Investment scams were again the top category in terms of losses, with $8.6 billion reported stolen, and almost $6.2 billion of that sum being stolen as cryptocurrency.
Cyber-enabled fraud accounted for 85% of last year's losses, almost $17.7 billion.
Investment scams has been the category with the biggest reported losses in the report since 2022, with total losses rising every year, so it's no surprise here and anyone watching the infosec space was anticipating this result.


Last year was also the first time the FBI received more than one million cybercrime reports.
The agency says it is now receiving more than 3,000 complaints per day, a sign of the significant uptick in cybercrime operations.

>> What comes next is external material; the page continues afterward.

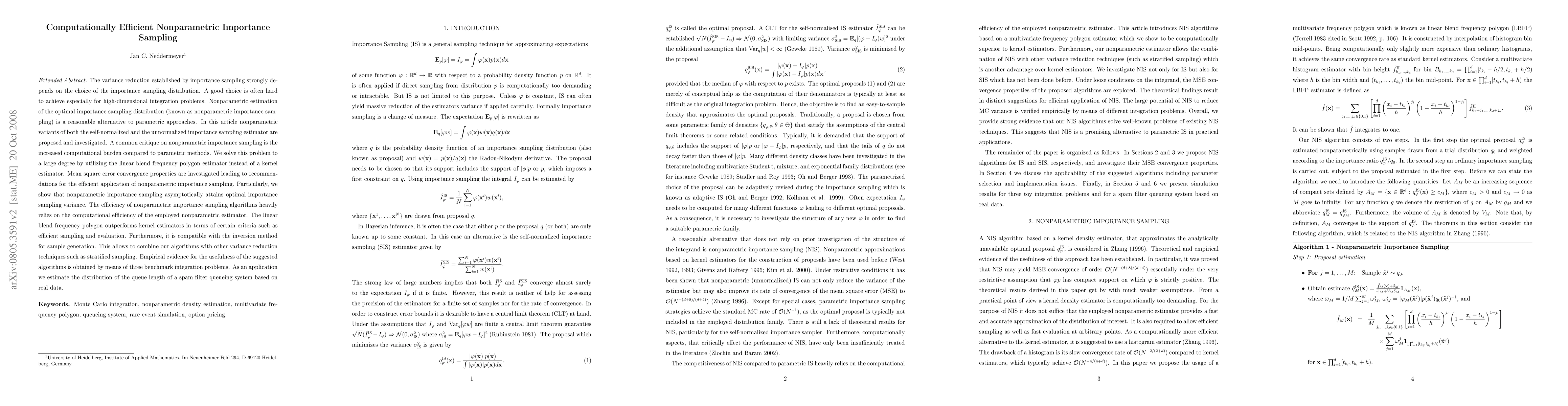 This paper proposes computationally efficient nonparametric importance sampling methods, using linear blend frequency polygon estimators to reduce computational burden compared to kernel estimators. The authors demonstrate that these methods achieve optimal importance sampling variance and can be combined with other variance reduction techniques.

All in all, the FBI IC3 Internet Crime Report is one of the most important indicators of cybercrime activity around the globe and is often used to inform and guide law enforcement crackdowns and legislative decisions.
Previous reports played a major role in a White House executive order signed early last month, with the Trump administration telling law enforcement agencies and the Justice Department to prioritize going after online cyber scam operators.
The order also involved the State Department, instructing the US embassies and state officials to pressure foreign governments that shelter cyber scam compounds to crack down on the problem.
Both Myanmar and Cambodia have already started moving against their sprawling cyber scam compound ecosystem, but that was mostly because of Chinese pressure rather than the US.
However, recent reports suggest that criminal syndicates are moving operations to new safe havens, such as Africa and the Middle East, and even some former Soviet states and parts of Europe.
It's definitely not a problem that will go away any time soon, mainly because of the ungodly amount of money cybercriminals are making, money that they often throw at authorities to look the other way.
Risky Business Podcasts
In this special documentary episode, Patrick Gray and Amberleigh Jack take a look back at hacking throughout the 1990s, from the feel-good vibes of the early hacking communities to the antics of young hackers who wound up on the run from the FBI.
Breaches, hacks, and security incidents
Drift hack linked to North Korea: North Korean state hackers built a fake trading company and even met Drift employees at conferences before stealing $280 million from the platform. The attackers spent months building trust with their targets before compromising their devices using malicious Apple TestFlight app and VS Code extensions. Hackers used the compromised systems to multi-sign the transactions that emptied Drift's treasury last month. Investigators linked the attack to a group known as Citrine Sleet (UNC4736, AppleJeus). [CoinTelegraph // Drift post-mortem]
Major law firm hack: A major US law firm confirmed a security breach after hackers posted customer materials online. The breach was traced back to a successful phishing attack. Jones Day is one of the biggest American corporate law firms, employing more than 2,400 lawyers. It is also known for representing US President Donald Trump in his 2016 and 2020 election campaigns. [Reuters]
Canadian telcos report breaches: Two Canadian telecommunications companies have reported data breaches last month. Freedom Mobile, Rogers, and its subsidiary Fido have notified customers of the incidents. The incidents appear to be related to a breach at Canadian business outsourcing company Telus Digital. [The Globe and Mail] [h/t Alex Rudolph]
Cyber "event" disrupts security alarm system provider: A mysterious cybersecurity incident has disrupted the BAT-MINI security alarm system across the US. The system was down for two days between April 2 and 4 last week. The system's vendor, Uplink, has not shared any details about the root cause. [DysruptionHub]
Betterment post-mortem: The Betterment investment platform has published a post-mortem of its January security incident. The company tracked down the incident to a social engineering attack of one of its employees that allowed hackers to access a marketing platform and email customers waves of crypto scams.
Rostelecom DDoS attack: While DDoS attacks have taken out some smaller telcos since Russia's invasion of Ukraine, a pretty considerable one hit Rostelecom enough to cause sprawling outages across Russia. Or at least that's what Russian authorities are saying. It could be Rostelecom going down in its attempt to block VPNs. If you know Russia well enough, you know not to take what state media reports as facts. [TASS]
General tech and privacy
Anthropic announces cybersecurity initiative: Anthropic has granted over 40 tech companies access to a new AI agent for cybersecurity defense work. The new Mythos agent was designed to help companies find vulnerabilities in their code. The company has also donated $4 million to open-source security organizations to help fund the patching of some of the found issues.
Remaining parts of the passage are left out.